There have been questions raised about some people who may get caught in between – they are too poor to afford health insurance but don’t meet the income requirements of Medicaid. Even if they are exempt from the penalties, they still cannot afford to have coverage, and this is a gap that the new law doesn’t seem to address.

Question: If you don’t have health insurance through your employer, how will individuals and/or families go about purchasing it?

Steve: You can still go through the traditional route of contacting an insurance agent – there are many excellent ones here in our community.

The other option will be marketplace exchanges that are being set up by some states. In Georgia, that is not the case, because the state chose not to participate. So the federal government will be providing that option to residents of Georgia through a new federal Health Insurance Markeplace that is scheduled to open in October. If you don’t want to navigate this option on your own, your local insurance agent should be able to help you – as well as designated “navigators” provided by the exchange.

The federal Marketplace is designed to be a one-stop shop for health insurance that allows you to choose from multiple policies offered by participating insurance providers. Anyone can choose to go to the Marketplace. However, if you will need federal assistance to purchase your health insurance, you will be required to go through the federal exchange.
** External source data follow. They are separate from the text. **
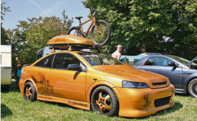
Da passt das Dachgepäck zum Auto.
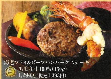
海老フライ&ビーフハンバーグステーキ 黒毛和牛100% (150g) 1,290円(税込1,393円)
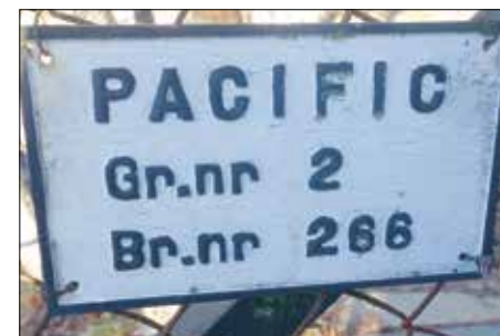
Pacific: Stillhet på Flaskebekk.

Det kan se ut som det var mer eller mindre obligatorisk å registrere bruksnavn i matrikkelen frem til skylddelingsloven ble erstattet med delingsloven i 1980. Men dette vet vi ikke sikkert. Eierne kunne lage eller velge et navn selv, men enkelte kommuner hadde lister med forslag som eierne kunne velge mellom dersom de ikke fant på noe selv. Dette kjenner vi ikke til om var tilfelle på Nesodden. Bruksnavnet inngår normalt ikke i eiendommens offisielle adresse. Etter 1980 er det kun sporadisk at nye eiendommer gis bruksnavn, men det er fremdeles en mulighet eieren har.
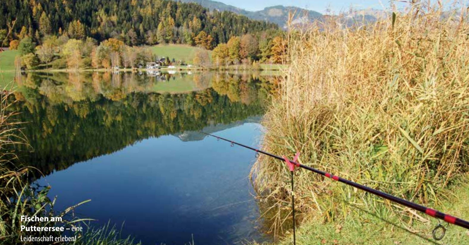
Fischen am Putterersee – eine Leidenschaft erleben!
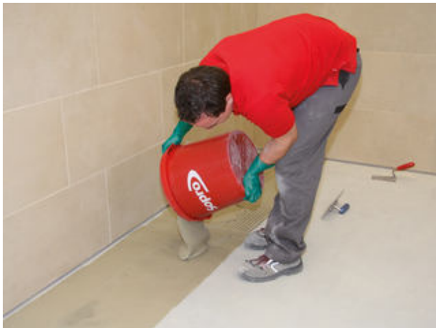
1 Ausgießen des FKM XL in Fließbettkonsistenz auf den vorbereiteten Untergrund.
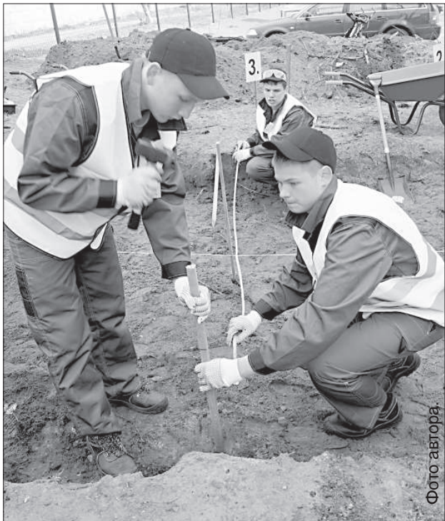
Будущие строители из Даугавпилса делают дорожку.

Сама дорожка полностью не была уложена: ее планируется закончить на занятиях силами самих воспитанников.
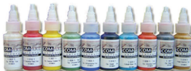
Exemple kit a Opaque Primary
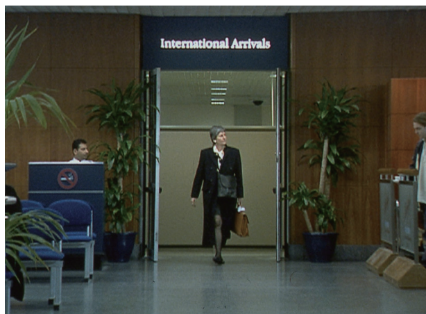
マーク・ウォリンジャー 《王国への入り口》2000年

ロンドン・シティ空港の到着ゲートをスローモーションで捉えた本作品では、イタリア・ルネサンス期の作曲家グレゴリオ・アレグリが旧約聖書詩篇第51篇をもとに作曲した合唱曲「ミゼレーレ」が背景の音楽として選ばれています。作家は、空港を国境に接する地帯、かつ現実世界の王国(英国)への入り口として捉え、その場所の持つ政治的、または象徴的な意味を浮き彫りにします。
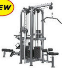
マルチジャングル4スタック

On the employer side, I’d like to mention that all businesses – large and small – are required to give notice about the healthcare exchanges no later than Oct. 1, 2013 (and to new hires not less than 14 days after their hire).  This applies whether or not the employer has a health plan, and there potentially are penalties for failure to comply.  The U.S. Department of Labor has published model notices that employers can print out, complete with relevant information and use, to satisfy this federal requirement.

For individuals who are interested in coverage through the exchange, I want to point out that the open enrollment period begins this October and extends through early spring of next year. Thereafter, the enrollment period will be much more limited.  So you will need to pay close attention to the timing of these enrollment periods if you plan to purchase insurance through the exchange.